→ **Collected data entries**
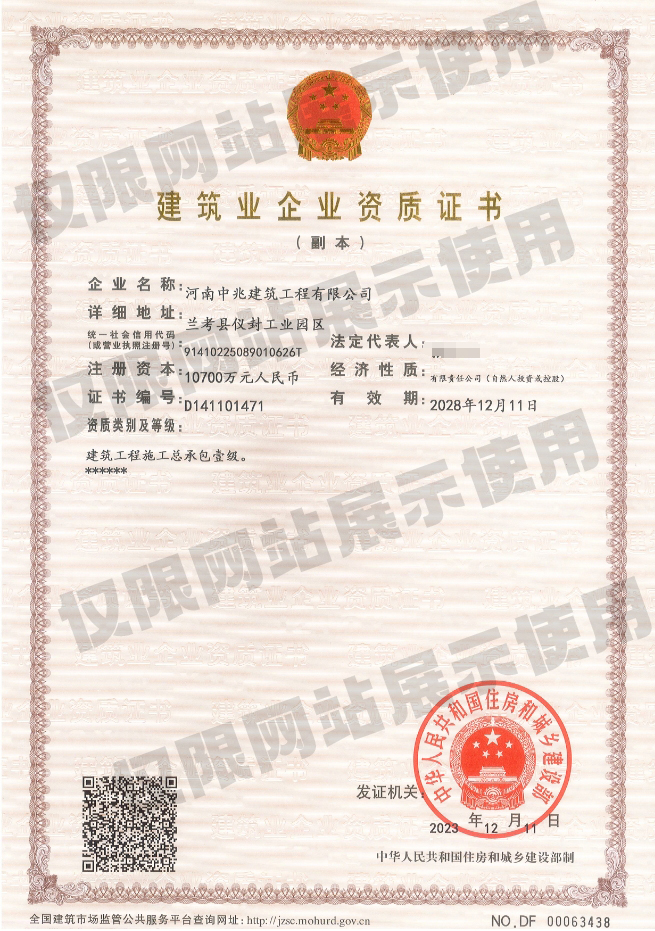 • 河南中兆建筑工程有限公司成立于2013年,公司注冊資本10700萬元,凈資產總額近1.9億元。公司目前具有“建筑工程、市政公用工程、鋼結構工程、建筑機電安裝工程、建筑裝修裝飾工程、地基與基礎工程、消防設施工程、壓力管道”等17個資質?,F有從業人員2150人,具有中高級各類專業技術職稱管理人員達120人,壹級、貳級建造師約90余人;主要施工設備300多臺(套)。通過了ISO9001質量管理體系認證、職業健康安全管理體系認證、環境管理體系認證,并多次獲得省級“AAA”信用企業、“重合同守信用”、“先進建筑企業...
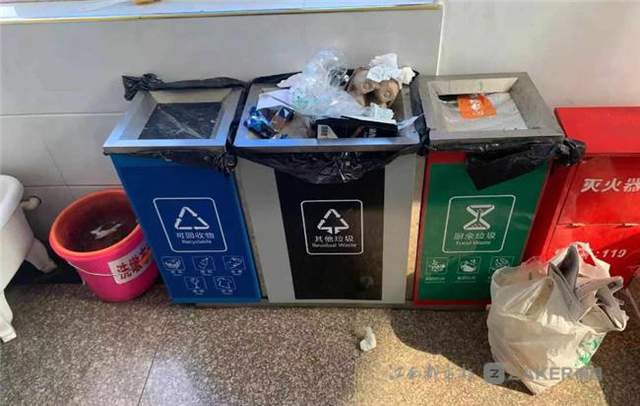 青山湖区京东镇政府大楼:分类垃圾桶中空荡荡 普通垃圾桶中满当当
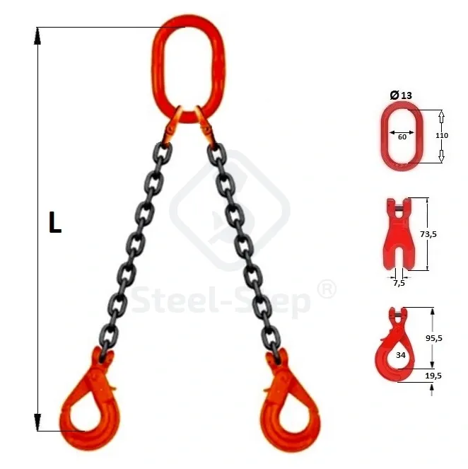 Dispozitiv de ridicare cu lanț tip G 2-ramuri - G80 Chain sling, G-type 2-legs
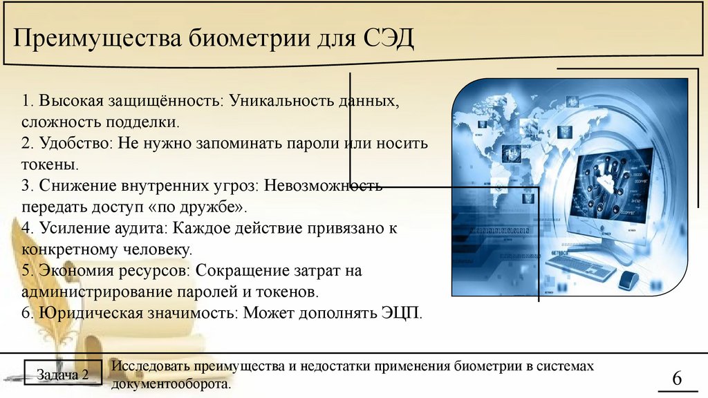 Преимущества биометрии для СЭД1. Высокая защищённость: Уникальность данных,
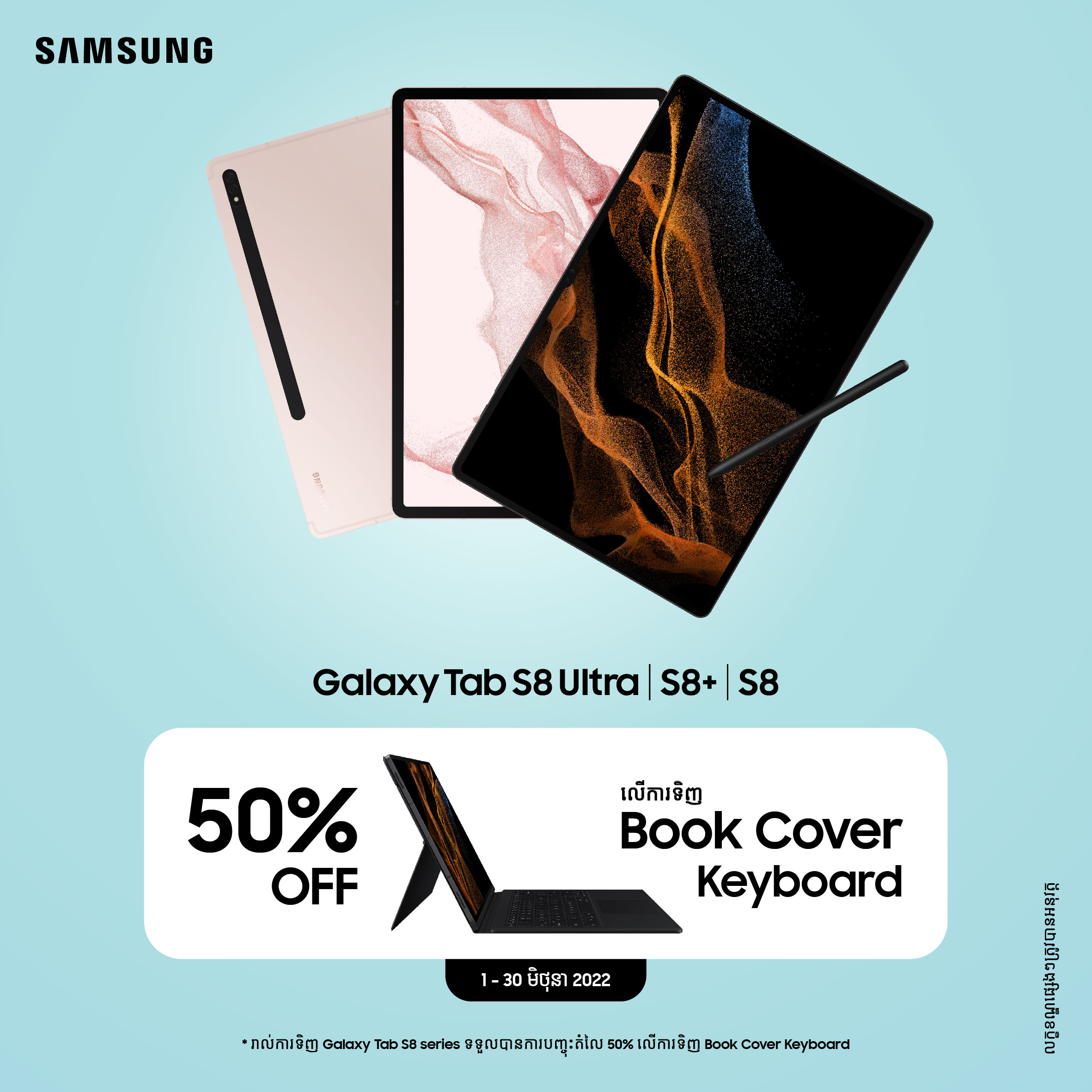 (ភ្នំពេញ) ថ្ងៃទី 31 ខែឧសភា ឆ្នាំ ២០២២៖ ដើម្បីជំរុញដល់ផលិតភាពការងារដ៏ឆ្លាតវៃ…ការកម្សាន្តឥតដែនកំណត់ និងដើម្បីឆ្លើយតបតាមតម្រូវការដ៏ច្រើនលើសលុប…រាល់ការទិញថេប្លេត Galaxy Tab S8, Galaxy Tab S8+ និង Galaxy Tab S8 Ultra ចាប់ពីថ្ងៃទី 01 ដល់ 30 ខែមិថុនា ឆ្នាំ 2022 នៅតាមបណ្តាហាងចែកចាយផលិតផល សាមសុង ផ្លូវការទូទាំងប្រទេស អតិថិជនទាំងអស់នឹងទទួលបានការបញ្ចុះតម្លៃពិសេស 50% ទៅលើ Keyboard Cover ភ្លាមៗ! កំពូលថេប្លេតទាំង 3 ស៊េរី នេះ គឺពិតជាថេប្លេតដែលល្អបំផុតប្រចាំឆ្នាំ 2022 ដែលជួយបង្កើននូវគំនិតច្នៃប្រឌិត និងផលិតភាពការងារ របស់អ្នកឱ្យកាន់តែលេចធ្លោអស្ចារ្យបំផុត! បើនិយាយពីការកម្សាន្តវិញគឺពិតជាផ្តល់នូវអារម្មណ៍រំភើបរីករាយហួសពីការស្មាន និងឥតដែនកំណត់!

→ **Assigned task**
Your task is to repeat the opening line of the entries above and each line after it, ending with the line that has "Преимущества биометрии для". Do not include the pictures.

→ **Result for this exercise**
 • 河南中兆建筑工程有限公司成立于2013年,公司注冊資本10700萬元,凈資產總額近1.9億元。公司目前具有“建筑工程、市政公用工程、鋼結構工程、建筑機電安裝工程、建筑裝修裝飾工程、地基與基礎工程、消防設施工程、壓力管道”等17個資質?,F有從業人員2150人,具有中高級各類專業技術職稱管理人員達120人,壹級、貳級建造師約90余人;主要施工設備300多臺(套)。通過了ISO9001質量管理體系認證、職業健康安全管理體系認證、環境管理體系認證,并多次獲得省級“AAA”信用企業、“重合同守信用”、“先進建筑企業...
 青山湖区京东镇政府大楼:分类垃圾桶中空荡荡 普通垃圾桶中满当当
 Dispozitiv de ridicare cu lanț tip G 2-ramuri - G80 Chain sling, G-type 2-legs
 Преимущества биометрии для СЭД1. Высокая защищённость: Уникальность данных,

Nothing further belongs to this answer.